(DATA EXTRACTS)

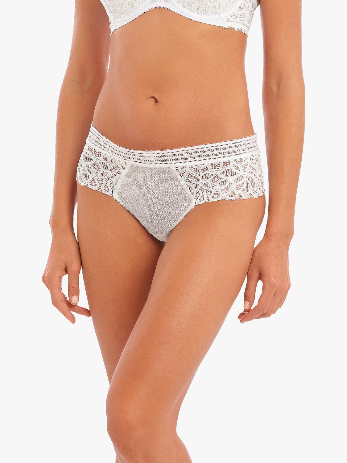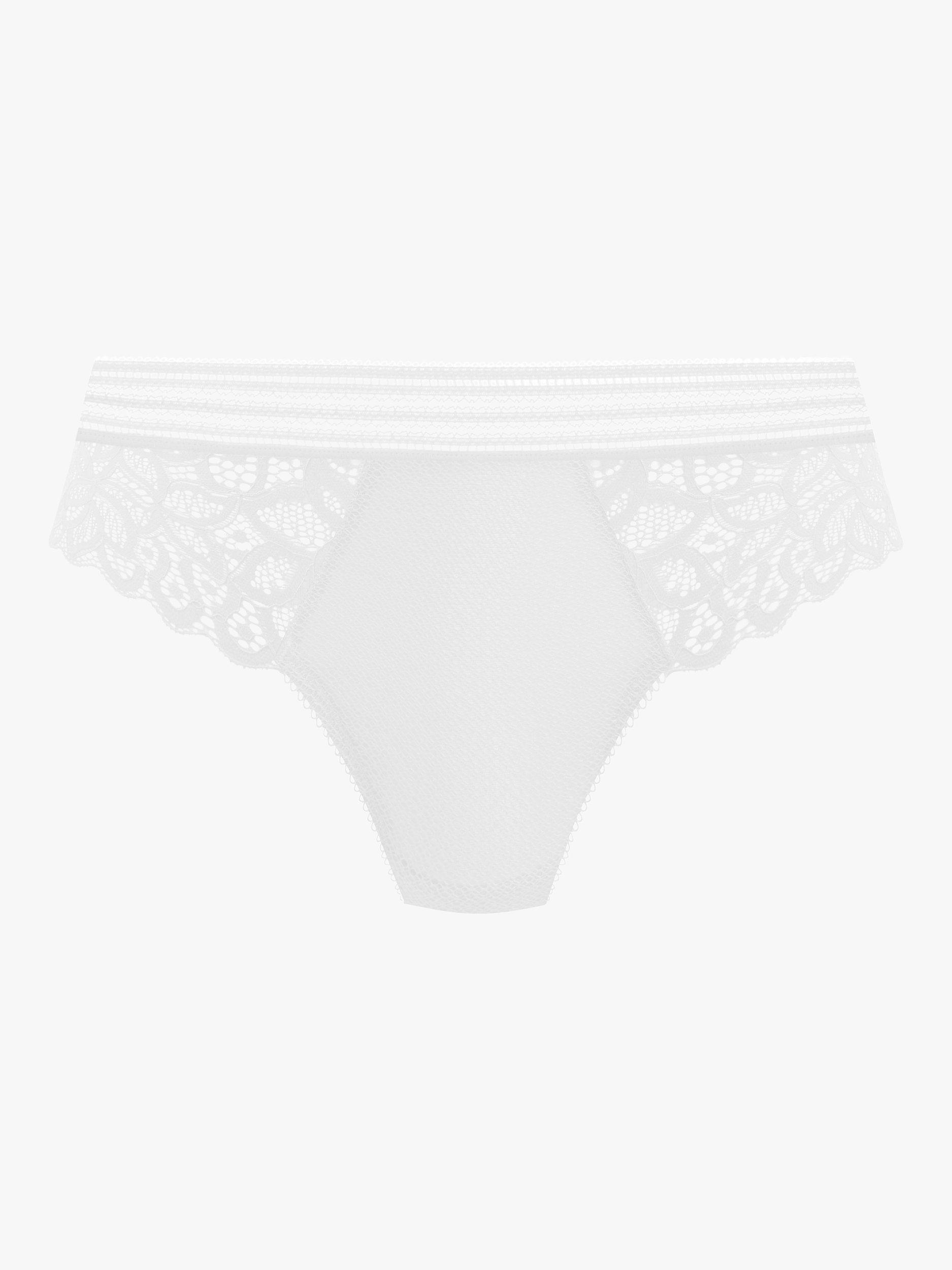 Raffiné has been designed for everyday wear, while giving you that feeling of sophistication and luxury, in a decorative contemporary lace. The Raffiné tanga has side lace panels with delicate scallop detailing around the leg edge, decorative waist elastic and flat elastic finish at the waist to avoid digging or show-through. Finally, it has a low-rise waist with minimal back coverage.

(End DATA EXTRACTS)
(DATA EXTRACTS)

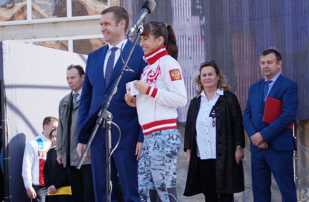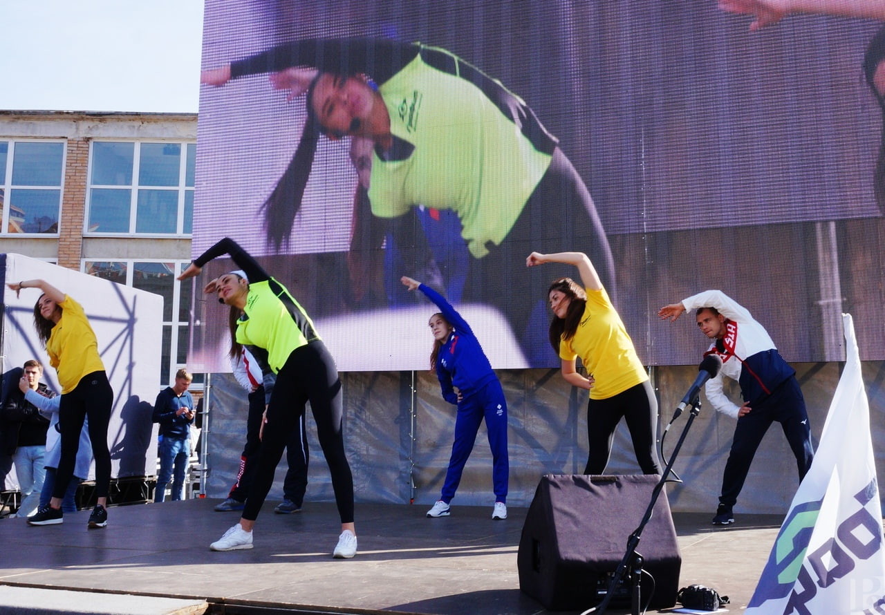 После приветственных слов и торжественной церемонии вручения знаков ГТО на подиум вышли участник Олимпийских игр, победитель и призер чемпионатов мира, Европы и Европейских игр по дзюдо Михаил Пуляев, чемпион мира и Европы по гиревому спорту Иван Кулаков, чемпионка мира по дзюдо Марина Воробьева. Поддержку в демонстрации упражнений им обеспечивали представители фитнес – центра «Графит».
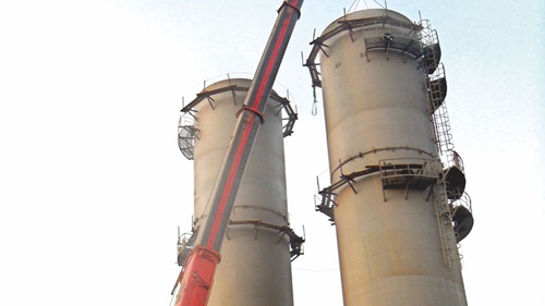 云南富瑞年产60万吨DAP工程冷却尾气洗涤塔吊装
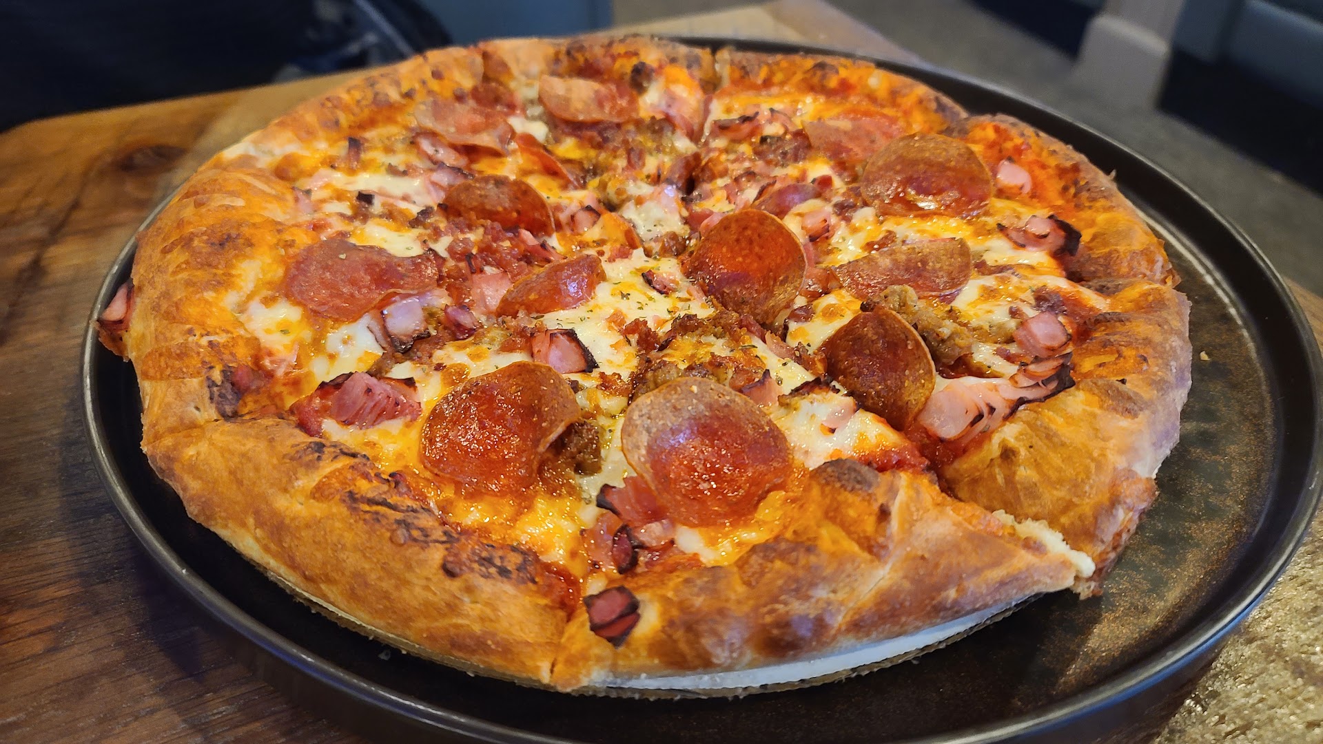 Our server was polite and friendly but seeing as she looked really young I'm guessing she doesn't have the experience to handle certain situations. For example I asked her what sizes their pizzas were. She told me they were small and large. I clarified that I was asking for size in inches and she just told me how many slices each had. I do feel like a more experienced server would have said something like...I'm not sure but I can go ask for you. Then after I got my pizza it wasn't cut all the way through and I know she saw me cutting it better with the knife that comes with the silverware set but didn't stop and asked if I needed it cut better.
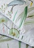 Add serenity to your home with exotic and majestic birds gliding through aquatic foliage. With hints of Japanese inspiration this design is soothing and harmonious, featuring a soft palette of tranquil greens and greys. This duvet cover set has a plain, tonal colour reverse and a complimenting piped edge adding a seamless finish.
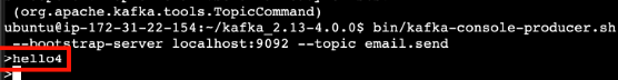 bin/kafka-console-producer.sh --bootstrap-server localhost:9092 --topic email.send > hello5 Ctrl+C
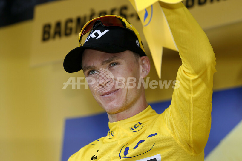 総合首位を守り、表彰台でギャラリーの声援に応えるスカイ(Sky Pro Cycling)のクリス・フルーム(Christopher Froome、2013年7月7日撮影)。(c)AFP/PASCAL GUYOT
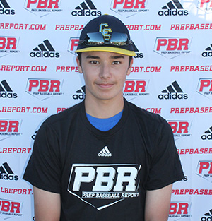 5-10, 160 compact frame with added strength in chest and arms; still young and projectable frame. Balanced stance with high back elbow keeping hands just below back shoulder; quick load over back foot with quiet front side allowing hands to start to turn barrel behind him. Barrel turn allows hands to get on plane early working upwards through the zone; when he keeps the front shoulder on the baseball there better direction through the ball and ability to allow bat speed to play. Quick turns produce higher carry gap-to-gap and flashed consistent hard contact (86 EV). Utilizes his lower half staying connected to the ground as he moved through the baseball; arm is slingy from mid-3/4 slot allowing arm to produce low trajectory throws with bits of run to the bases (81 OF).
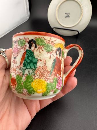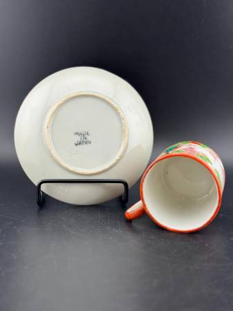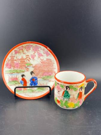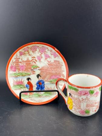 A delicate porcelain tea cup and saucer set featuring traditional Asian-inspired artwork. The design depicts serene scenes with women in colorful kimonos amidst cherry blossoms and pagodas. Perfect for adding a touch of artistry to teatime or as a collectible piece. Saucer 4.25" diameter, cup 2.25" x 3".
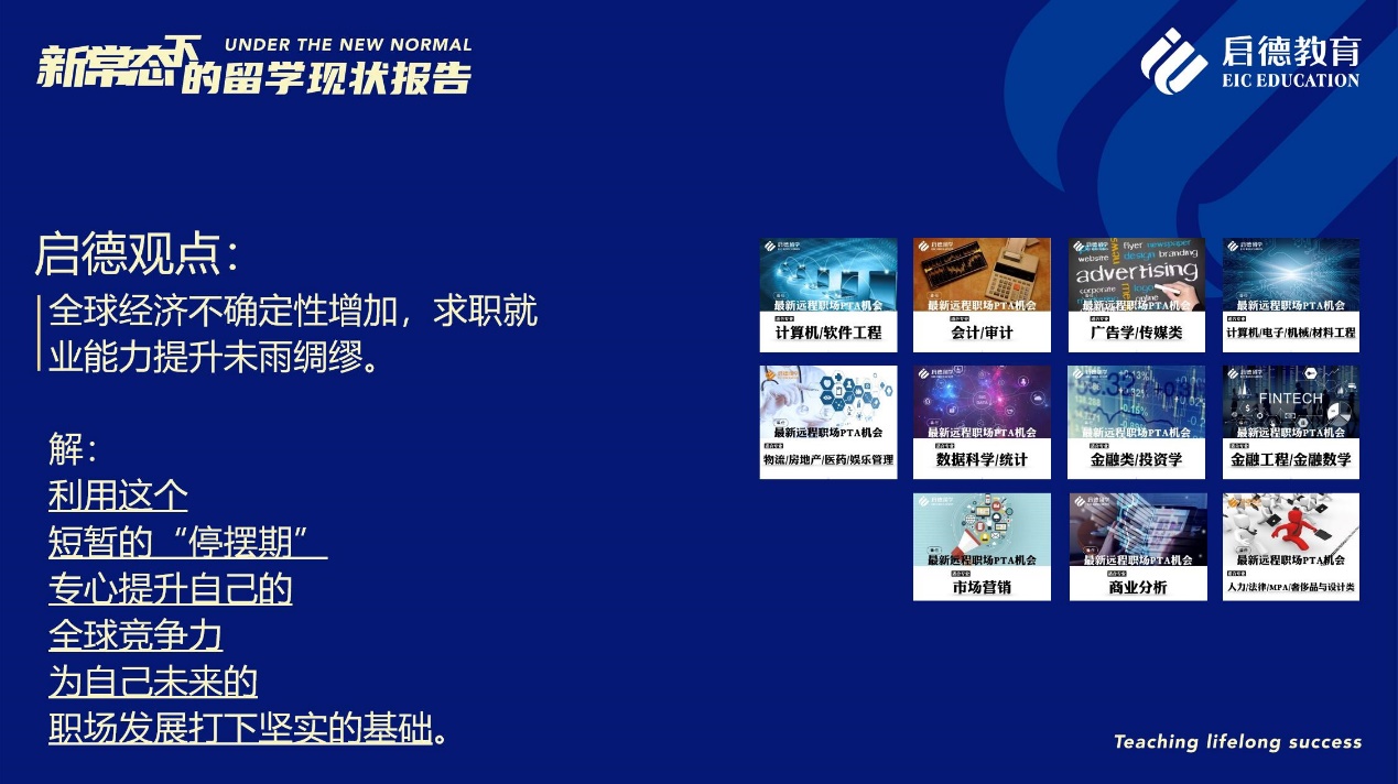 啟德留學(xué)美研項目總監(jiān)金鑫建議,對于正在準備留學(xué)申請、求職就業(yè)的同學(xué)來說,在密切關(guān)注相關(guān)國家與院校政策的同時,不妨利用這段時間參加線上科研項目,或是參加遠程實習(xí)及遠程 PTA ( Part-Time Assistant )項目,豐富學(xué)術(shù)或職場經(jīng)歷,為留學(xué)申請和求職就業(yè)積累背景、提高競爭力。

(End DATA EXTRACTS)

--- TASK INSTRUCTIONS ---
Above are the records; copy exactly the lines from the one with "云南富瑞年产60万吨DAP工程冷却尾气洗涤塔吊装" through the one with "A delicate porcelain", including both, and nothing more. Leave out pictures.

--- FINISHED TASK ---
 云南富瑞年产60万吨DAP工程冷却尾气洗涤塔吊装
 Our server was polite and friendly but seeing as she looked really young I'm guessing she doesn't have the experience to handle certain situations. For example I asked her what sizes their pizzas were. She told me they were small and large. I clarified that I was asking for size in inches and she just told me how many slices each had. I do feel like a more experienced server would have said something like...I'm not sure but I can go ask for you. Then after I got my pizza it wasn't cut all the way through and I know she saw me cutting it better with the knife that comes with the silverware set but didn't stop and asked if I needed it cut better.
 Add serenity to your home with exotic and majestic birds gliding through aquatic foliage. With hints of Japanese inspiration this design is soothing and harmonious, featuring a soft palette of tranquil greens and greys. This duvet cover set has a plain, tonal colour reverse and a complimenting piped edge adding a seamless finish.
 bin/kafka-console-producer.sh --bootstrap-server localhost:9092 --topic email.send > hello5 Ctrl+C
 総合首位を守り、表彰台でギャラリーの声援に応えるスカイ(Sky Pro Cycling)のクリス・フルーム(Christopher Froome、2013年7月7日撮影)。(c)AFP/PASCAL GUYOT
 5-10, 160 compact frame with added strength in chest and arms; still young and projectable frame. Balanced stance with high back elbow keeping hands just below back shoulder; quick load over back foot with quiet front side allowing hands to start to turn barrel behind him. Barrel turn allows hands to get on plane early working upwards through the zone; when he keeps the front shoulder on the baseball there better direction through the ball and ability to allow bat speed to play. Quick turns produce higher carry gap-to-gap and flashed consistent hard contact (86 EV). Utilizes his lower half staying connected to the ground as he moved through the baseball; arm is slingy from mid-3/4 slot allowing arm to produce low trajectory throws with bits of run to the bases (81 OF).
 A delicate porcelain tea cup and saucer set featuring traditional Asian-inspired artwork. The design depicts serene scenes with women in colorful kimonos amidst cherry blossoms and pagodas. Perfect for adding a touch of artistry to teatime or as a collectible piece. Saucer 4.25" diameter, cup 2.25" x 3".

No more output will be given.